Work item: Could you retype every line below exactly, omitting the images?

Recorded information:
[Start of section]

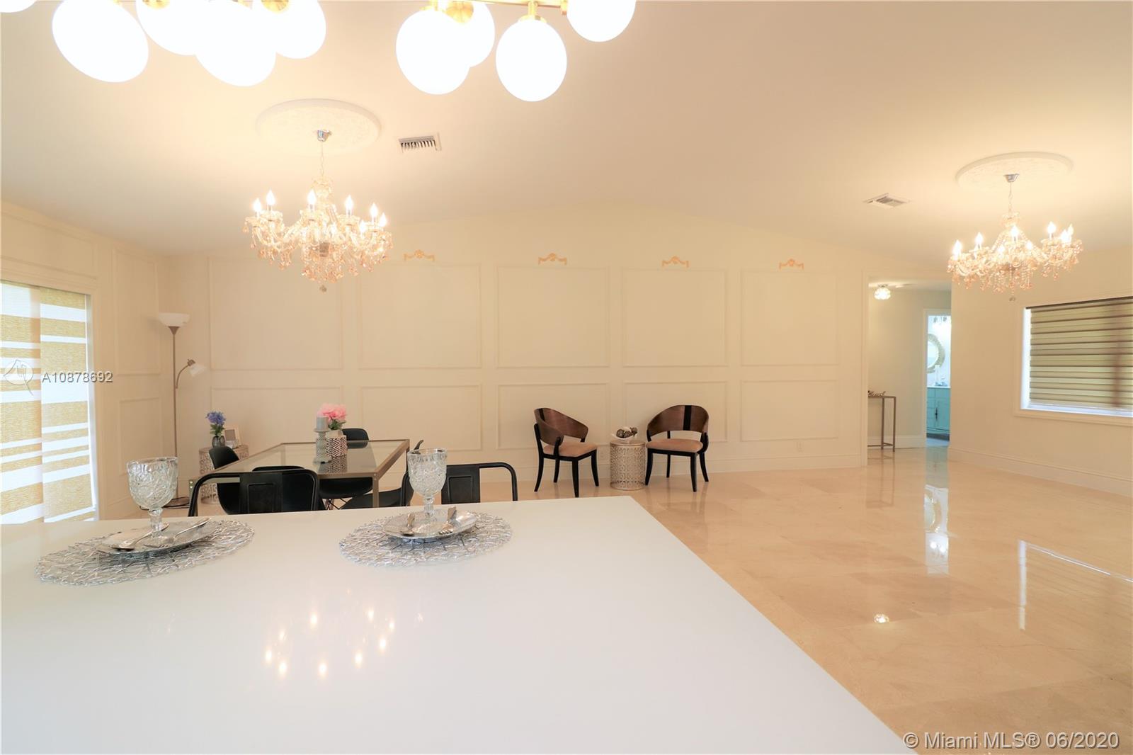 Luminous elegant one story pool home fully Remodeled from head to toes.Everything you see is new, New Roof, New A/C with permit. New Water Heater, New Garage Door, New impact entrance door, New interior doors & frames, New Wall and Ceiling entire home, New Electrical panel, New Plumbing and Electrical Fixtures with Royal Chandelier. Decent size master bedroom. Classico Vanity in Bathrooms W/Frame-less Glass wall.Bathrooms tiled to ceiling. New Irrigation piping, New luxury Kitchen w/Quartz counter top on hard wood Cabinets with Cook top range,wall oven. Marble flooring in living room & Wood laminate in bedrooms.2 Car Garage. Screened patio w/fence. Convenient location close to everything & High ways.
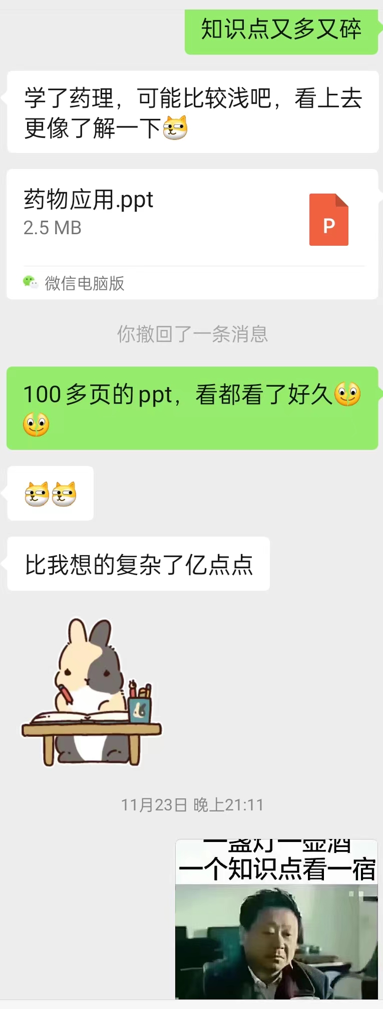相当赞同楼上!十位老师中,部分人的PPT详略不当且不成体系,有几章(尤其是药物应用一章)的PPT竟长达100多页,考前真是背到吐。我还问了科大临床医学专业的大五学长,他看了PPT都说复杂😓
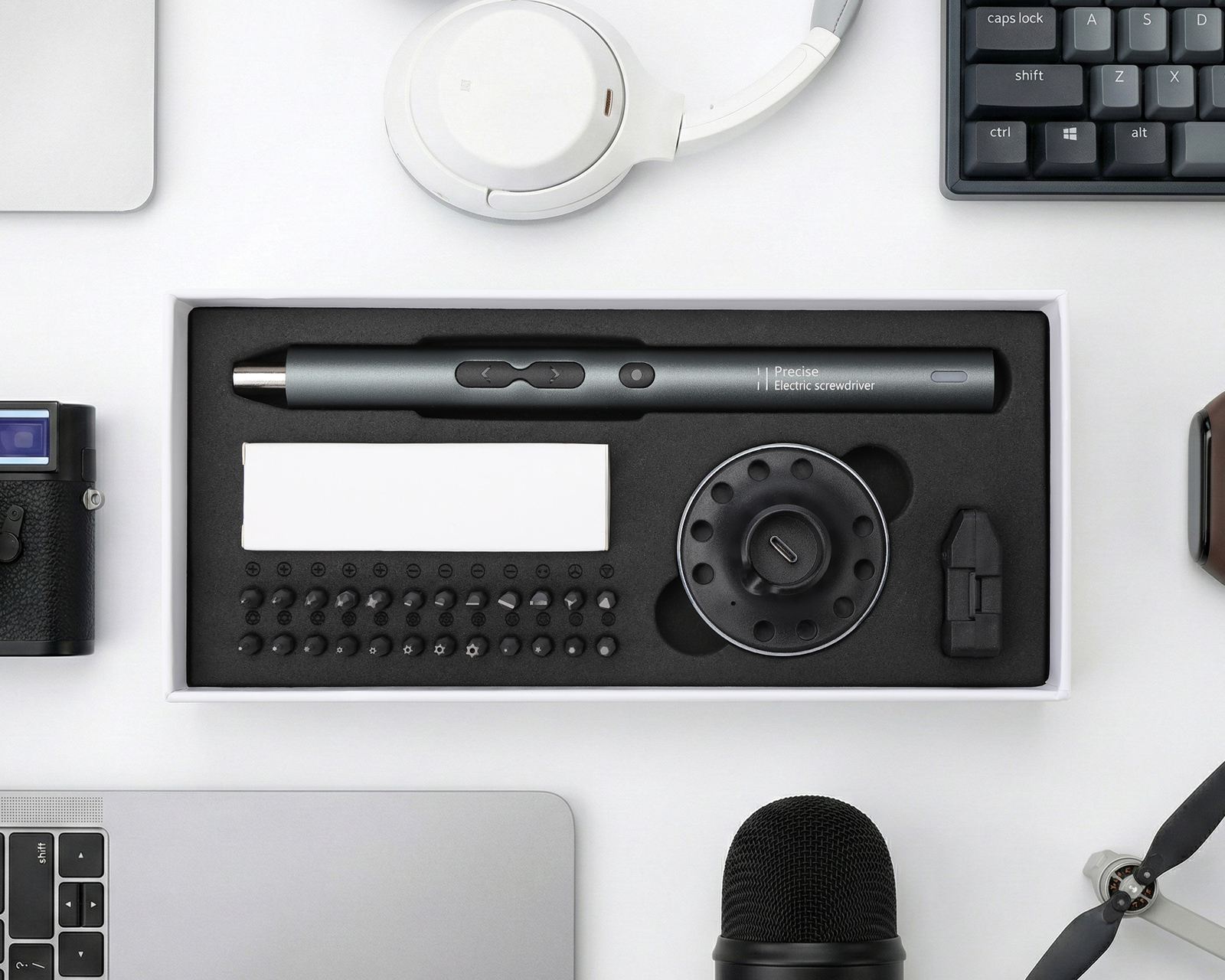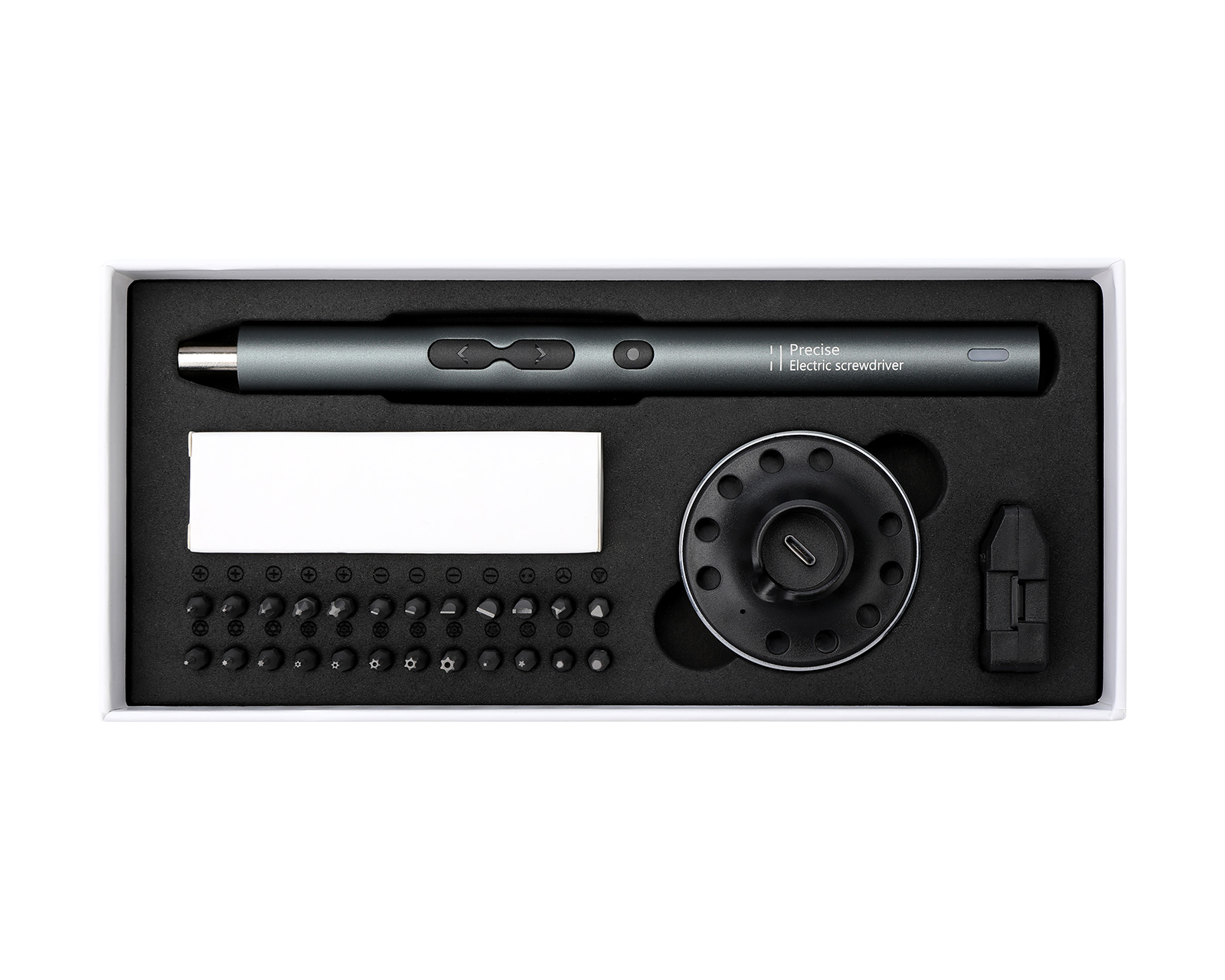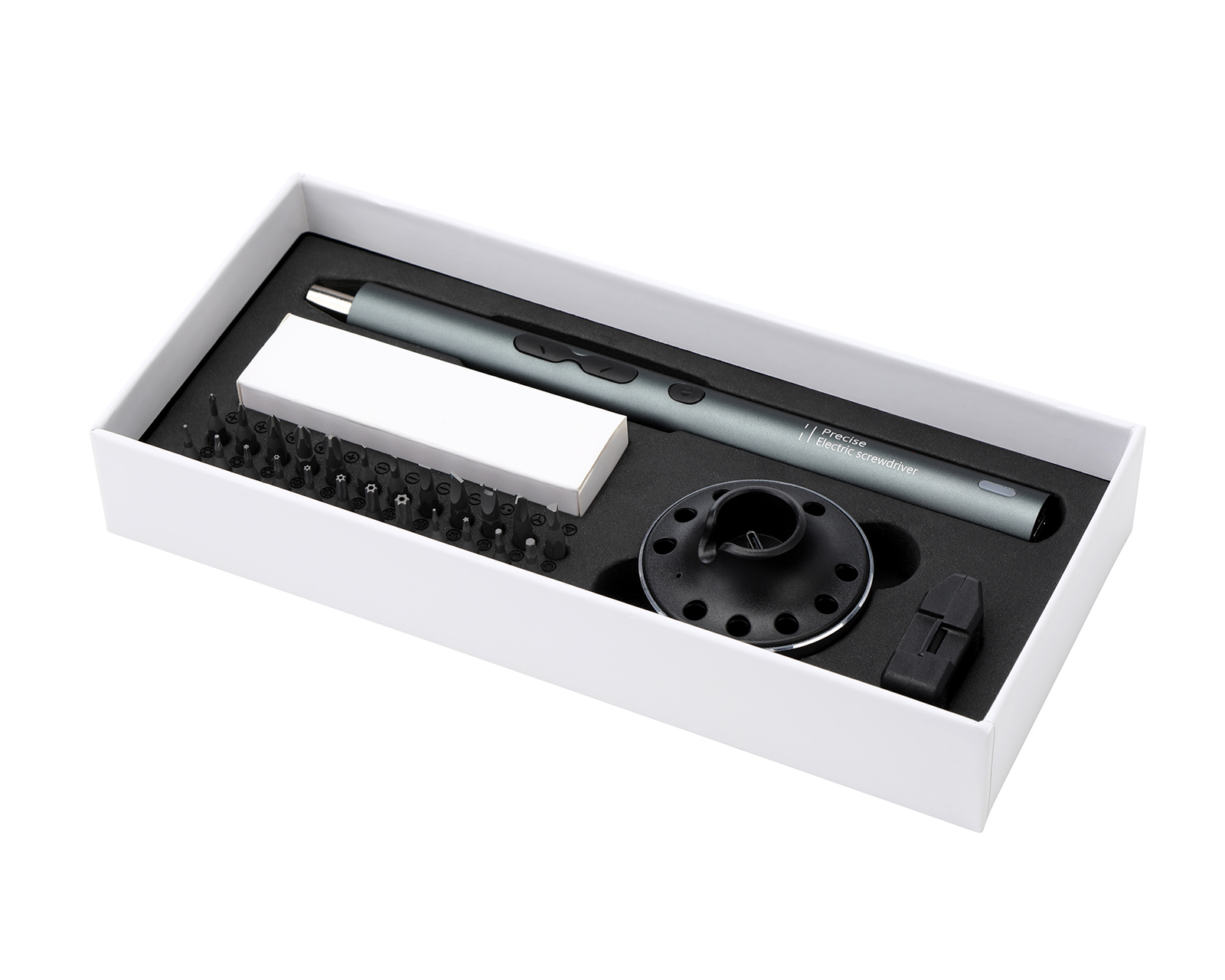 Elektro-Präzisionsschraubendreher von MaxMount, entwickelt um die Bedürfnisse technikbegeisterter Nutzer zu erfüllen. Dieser kompakte Schraubendreher bietet 24 Premium S2 Stahl-Schraubbits und eine praktische Ladestation für eine einfache Verwendung. Entworfen um optimale Präzision und Haltbarkeit zu gewährleisten, mit einem ergonomischen Gehäuse, das das Schrauben einfach und bequem macht.Der Schraubendreher verfügt über einen leistungsstarken 350mAh Lithium-Akku, der eine vollständige Aufladung in 50 Minuten bietet und bis zu 300 Schrauben pro Ladung schrauben kann. Die schattenfreie 360-Grad-Beleuchtung mit drei eingebauten LED-Lampen beleuchtet den Arbeitsbereich effektiv. Darüber hinaus macht das kabellose und wiederaufladbare Design die Anwendung flexibel und bequem. Ein intelligenter Motor mit intelligenten Schutzfunktionen garantiert eine lange Lebensdauer und effizienten Betrieb. Mit einer maximalen Geschwindigkeit von 200 U/min und einem maximalen elektrischen Drehmoment von 0,35N.m ist dieser Schraubendreher perfekt für eine Vielzahl von Anwendungen zu Hause oder im Büro.
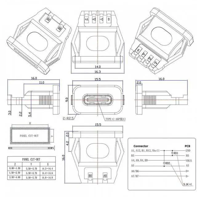 5pcs/set DIY OEM Type C Female Socket Connector to 6Pin PCBA Pinout Rectangle Latch Mount Type DC 5V/20V PD Power IP67

[End of section]

Written answer:
 Luminous elegant one story pool home fully Remodeled from head to toes.Everything you see is new, New Roof, New A/C with permit. New Water Heater, New Garage Door, New impact entrance door, New interior doors & frames, New Wall and Ceiling entire home, New Electrical panel, New Plumbing and Electrical Fixtures with Royal Chandelier. Decent size master bedroom. Classico Vanity in Bathrooms W/Frame-less Glass wall.Bathrooms tiled to ceiling. New Irrigation piping, New luxury Kitchen w/Quartz counter top on hard wood Cabinets with Cook top range,wall oven. Marble flooring in living room & Wood laminate in bedrooms.2 Car Garage. Screened patio w/fence. Convenient location close to everything & High ways.
相当赞同楼上!十位老师中,部分人的PPT详略不当且不成体系,有几章(尤其是药物应用一章)的PPT竟长达100多页,考前真是背到吐。我还问了科大临床医学专业的大五学长,他看了PPT都说复杂😓
 Elektro-Präzisionsschraubendreher von MaxMount, entwickelt um die Bedürfnisse technikbegeisterter Nutzer zu erfüllen. Dieser kompakte Schraubendreher bietet 24 Premium S2 Stahl-Schraubbits und eine praktische Ladestation für eine einfache Verwendung. Entworfen um optimale Präzision und Haltbarkeit zu gewährleisten, mit einem ergonomischen Gehäuse, das das Schrauben einfach und bequem macht.Der Schraubendreher verfügt über einen leistungsstarken 350mAh Lithium-Akku, der eine vollständige Aufladung in 50 Minuten bietet und bis zu 300 Schrauben pro Ladung schrauben kann. Die schattenfreie 360-Grad-Beleuchtung mit drei eingebauten LED-Lampen beleuchtet den Arbeitsbereich effektiv. Darüber hinaus macht das kabellose und wiederaufladbare Design die Anwendung flexibel und bequem. Ein intelligenter Motor mit intelligenten Schutzfunktionen garantiert eine lange Lebensdauer und effizienten Betrieb. Mit einer maximalen Geschwindigkeit von 200 U/min und einem maximalen elektrischen Drehmoment von 0,35N.m ist dieser Schraubendreher perfekt für eine Vielzahl von Anwendungen zu Hause oder im Büro.
 5pcs/set DIY OEM Type C Female Socket Connector to 6Pin PCBA Pinout Rectangle Latch Mount Type DC 5V/20V PD Power IP67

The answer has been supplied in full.